Summit Health is a for-profit, multispecialty medical practice headquartered in Berkeley Heights, New Jersey. The company is a result of a merger between Summit Medical Group and CityMD.

Summit Health is led by Chairman and CEO Jeffrey Le Benger, MD. In 2016, Le Benger was named #8 in the "NJBiz Health Care Power 50 list" – a publicized ranking of the leaders of New Jersey healthcare organizations, state policymakers and legislators.

History

Founders 
Summit Health traces its beginnings to October 1919, when co-founders William H. Lawrence, MD, and Maynard G. Bensley, MD established the company as Summit Medical Group in Summit, New Jersey. The two had met in the United States Army's World War I Ambulance Company 33, which Lawrence had organized, and which was later headed by Bensley. Lawrence attained a rank of Major, and Bensley attained the rank of Captain, in their participation in the ambulance company.

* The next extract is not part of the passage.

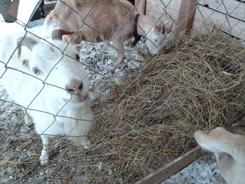 У меня тут в комментариях спрашивают, как мои козочки поживают таким снежным и морозным январем?) Не мерзнут ли, гуляют ли по снегу, что едят и все прочее в том же роде. Ну что сказать. Зима для коз, как и для других животных - время, наверняка, не самое любимое. Холодно, зачастую ветрено, да еще и сугробы выпали по колено. По таким уж точно не побегаешь, да и смысл? Вкусной сочной травы под ними нет, еще и снег к копытам прилипает. Уж лучше в загончике по толстому слою сена походить, того же сена пожевать, да еще теплой водички из тазика попить, когда хозяйка принесет. Вот и все развлечение. Ленивая у коз зима и все тут. Так и "тусят" козы в загоне целыми днями, какой бы на улице ни был минус. Только когда темнеет самостоятельно заходят в свои сараи, мне остается только дверь закрыть и одеяло для пущего утепления, прибитое к каждой двери опустить. А в течении дня козы едят и развлекаются...наблюдением за нами) Только и смотрят, как мы с мужем бегаем туда-сюда по двору - то снег лопат

Lawrence was in charge of the unit for a year, until he became ill in 1918, and Bensley then led it until it was disbanded a year later. The teamwork they experienced as army medical staff led them to try to replicate the idea in civilian life, and they founded the first team medicine practice in New Jersey in 1919. In 1931, they expanded into a group practice with a total of seven or eight doctors. While the original partnership "team" was known as Summit Health, the group practice was organized as the Lawrence-Bensley Medical Group, but eventually readopted the Summit name.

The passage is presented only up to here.